Cross-border deals in Asia

The other really big international deal of the year, however, was in Asia where Japan Post splashed out US$5.1 billion to take over Australian logistics company Toll Group just a few months ahead of its mammoth IPO, which raised $12 billion. The deal, which turns Japan Post into one of the largest logistics suppliers in Asia with a large business in Australia, could be followed by more acquisitions in the future, Japanese officials have said.

One of the most closely-watched tie-ups is between fast-expanding Chinese e-commerce giant Alibaba and Singapore Post. Alibaba bought a larger minority stake in the listed postal operator, and the two companies are working on a joint e-commerce logistics business to cover Asia and potentially other regions as well. For its part, SingPost bought several regional logistics and e-commerce players in Asia and North America to create what it labelled ‘a global e-commerce logistics network’.

Back in Europe, there were some other significant M&A deals this year. Amazon made headlines with news that it would take majority ownership of French B2C parcels firm Colis Privé. Geodis bought US logistics firm OHL to expand its North America business, France’s La Poste invested in various small freight and parcel companies, and also re-branded its European parcels business as ‘DPDgroup’ while Royal Mail acquired a courier firm and several technology companies. On a different financial note, Poste Italiane finally achieved its long-held ambition of becoming a listed company with the flotation of a 40% stake in October, raising €3.4 billion for the country’s government.

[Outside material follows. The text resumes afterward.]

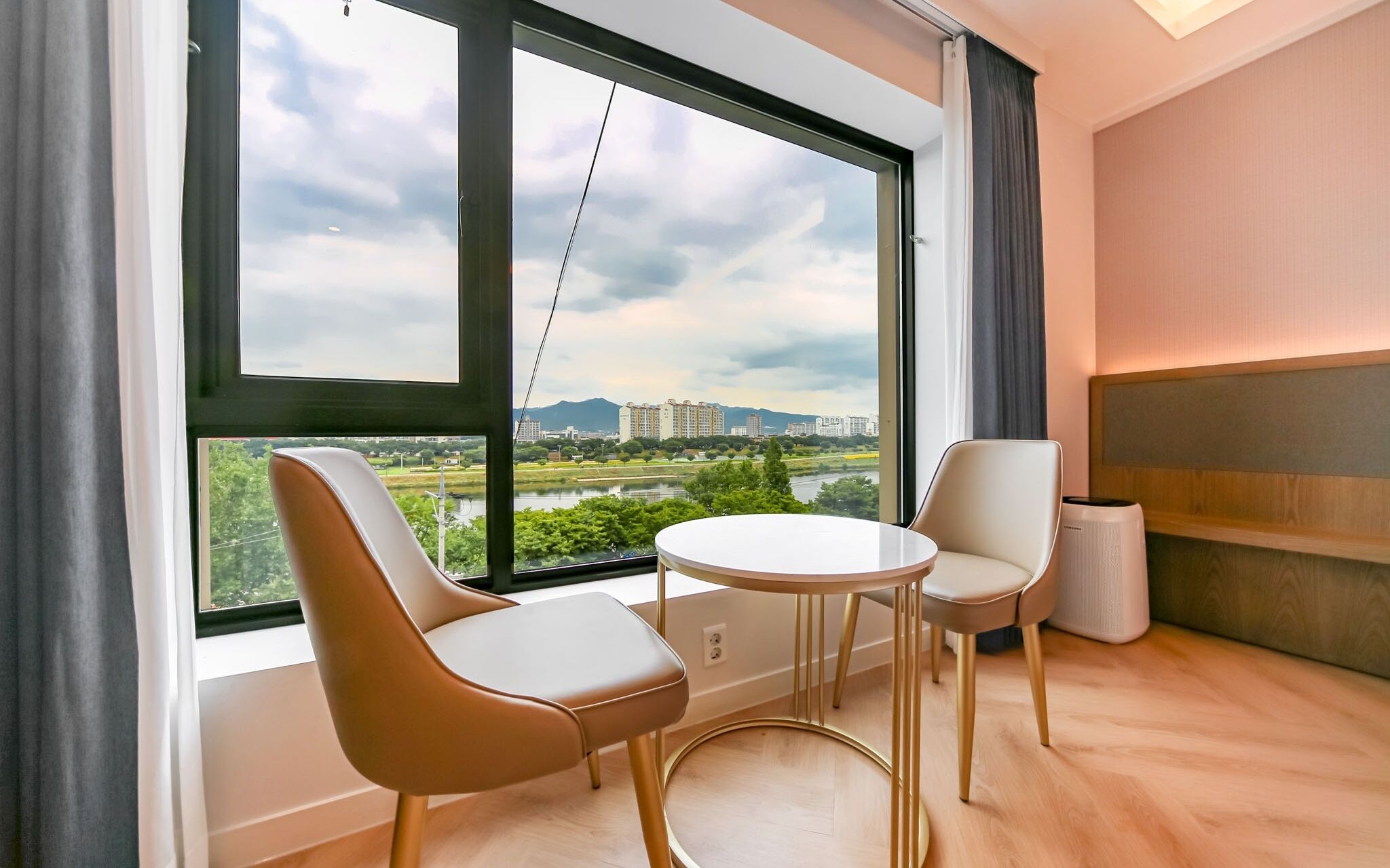 Riverside in February Gyeongsangbuk-do offers 28 air-conditioned accommodations with complimentary bottled water and bathrobes. Each accommodation is individually furnished and decorated. 55-inch flat-screen televisions come with cable channels and Netflix.

E-commerce drives CEP market growth

Amid this wave of strategic activities, the CEP market continued to grow this year, driven mostly by the continuing e-commerce boom which is forcing many operators to invest heavily in capacity expansion and new delivery models.

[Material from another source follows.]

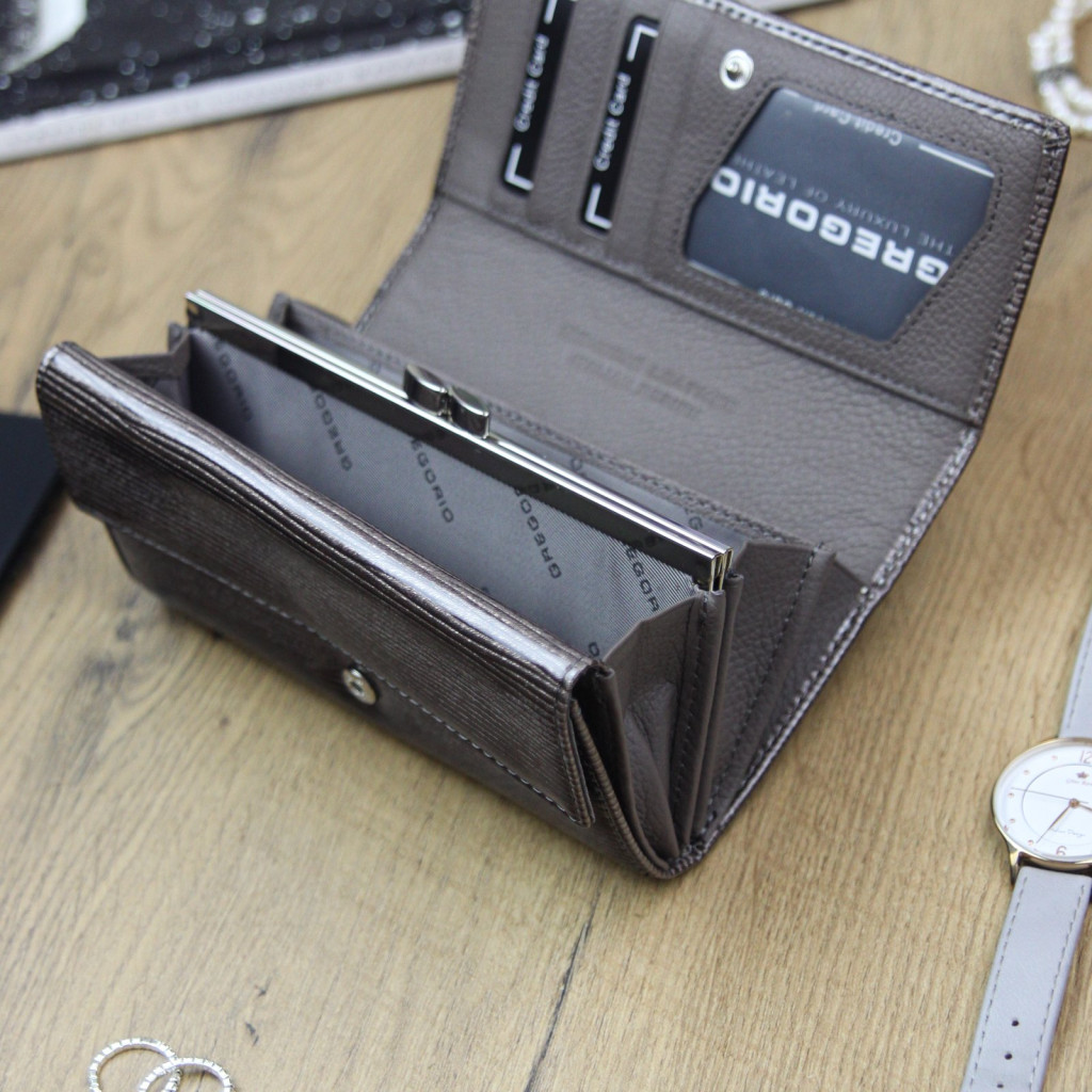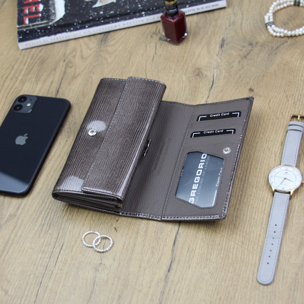 Gregorio LN-107 szürke női marhabőr pénztárca 16.5 x 9 x 3.8 cm

In the B2B sector, mixed economic trends and low growth in international trade held back overall growth rates, leaving the international express players to compete intensively with each other. For example, DHL Express increased daily time-definite international shipments by 8.5% from January to September 2015 while UPS’ international export volumes increased by only 4.3% on a daily basis over the same period. FedEx Express, with a different fiscal year, had a low 1% rise in international export packages in the year ending May 2015 and a 2.5% decline from June to November 2015.  

The real boom business remains the B2C parcels sector which is generally growing at high single-digit rates in many markets around the world, as e-commerce continues to generate strong volume growth. Spectacular online shopping events such as Black Friday, Cyber Monday and China’s Singles Day provided an additional, if operationally challenging, boost.

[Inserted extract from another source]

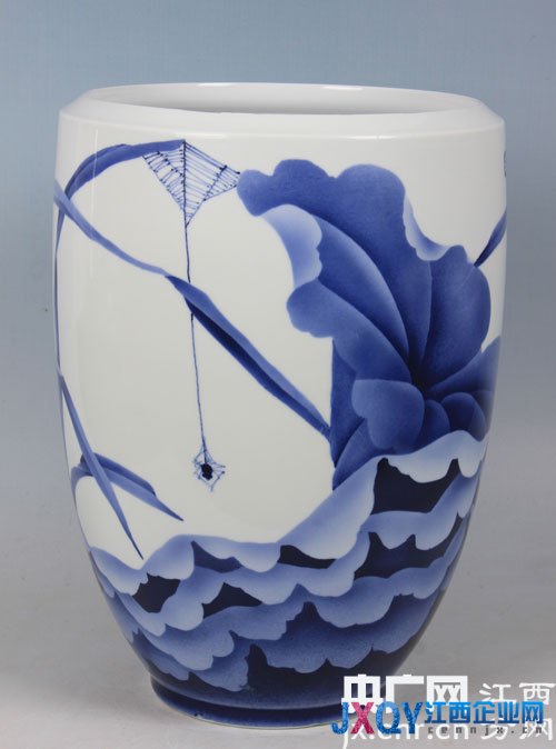 青花在他的筆下,再不是平面上的靜物,而是以其飽滿的姿態(tài),站立在陶瓷上。

The main beneficiaries are the postal operators and specialist B2C parcel firms with their extensive final-mile delivery networks. However this market is being disrupted on several fronts by Amazon’s expansion of its own delivery services and the emergence of ‘crowdsourced’ start-up delivery firms specialising in same-day (or even faster) city deliveries. These trends are most apparent in the USA but are rapidly spreading to Europe and, to a certain extent, to Asia as well.

Positive outlook for 2016

Against this dynamic background, most CEP firms will be going into 2016 fairly optimistically. The US economy is doing well, Europe is performing better than in the recent past and Asia continues to be the big growth region, even though China’s growth has slowed significantly. These are positive indicators for the international express business next year. In the B2C parcels sector, e-commerce will continue to drive growth, especially as cross-border sales steadily increase. Competition, however, will remain intense in many areas as existing rivals launch new products and services while additional competitors enter lucrative markets around the world. More big M&A deals could be on the cards next year as well.